Colorado became the first state where recreational pot went on sale on January 1, according to the AP. Washington is the only other state with legal recreational pot, which is expected to go on sale this summer.
The first month of recreational sales falls in line with expectations, said Barbara Brohl, executive director of the Colorado Department of Revenue, in a statement, the AP reported.
"We expect clear revenue patterns will emerge by April and plan to incorporate this data into future forecasts," Brohl said, according to the AP.
The department said it expects variability in revenue collections during the initial months of sales, due to factors like local approval of licenses and the potential that the novelty of legal pot could wear off, the AP reported.
By the end of January, 59 businesses had filed a tax return for recreational pot to the state, according to the Department of Revenue, the AP reported.The number of businesses offering recreational pot is growing.

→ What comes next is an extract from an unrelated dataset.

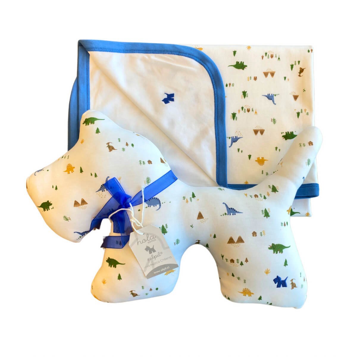 Pura ternura es nuestro set que incluye el perrito pilpil tamaño 32x39x12 + la manta diseño Dinosaurios y el reverso color blanco de 80x80cm, se convertirá en el compañerito de apego para sus tutos de tarde o idas de paseo, ideal para regalo de baby shower. Composición: 100% Algodón Pima Peruano. Instrucciones de Cuidado: Lavar con agua tibia y secar a baja temperatura. No usar cloro. Plancha tibia . Diseñado en Chile y fabricado en Perú
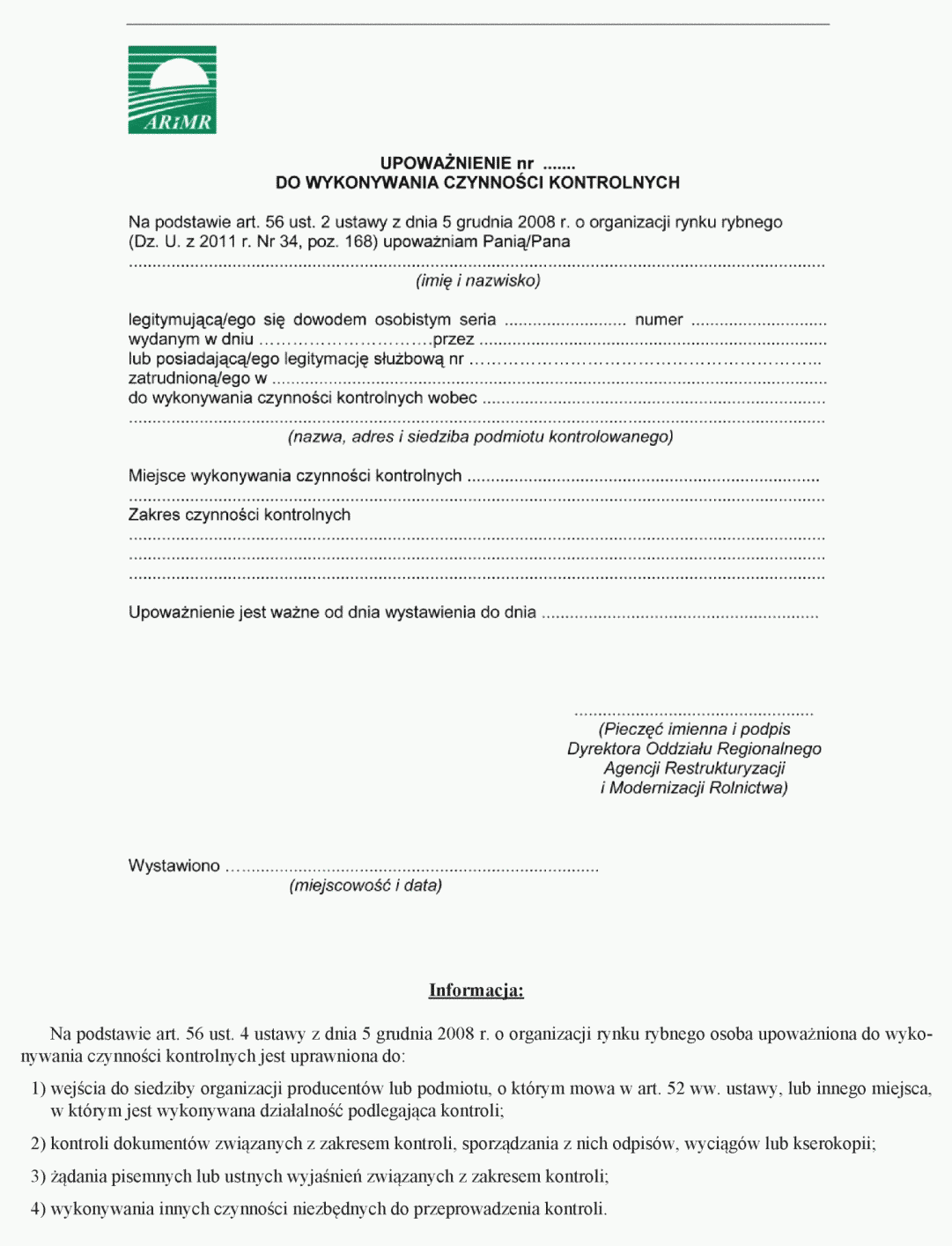 | Tytuł: | Warunki, jakie powinny spełniać jednostki organizacyjne, którym można powierzyć przeprowadzanie kontroli związanych z przyznawaniem pomocy finansowej organizacjom producentów, wzór upoważnienia do wykonywania czynności kontrolnych oraz sposób sporządzenia i wzór protokołu z kontroli. |

As of mid-February, Colorado had 163 retail stores.
Colorado voters approved a 15% excise tax on marijuana producers to pay for school construction, and a 10% special sales tax on consumers, according to the AP. The state legislature has the option to increase the special sales tax to as much as 15% in future years.
Last month, a budget proposal from Colorado Governor John Hickenlooper estimated that total pot sales next fiscal year would be about $610 million, the AP reported.
The first days of sales in Colorado were met with hours-long lines and worldwide media attention, according to the AP.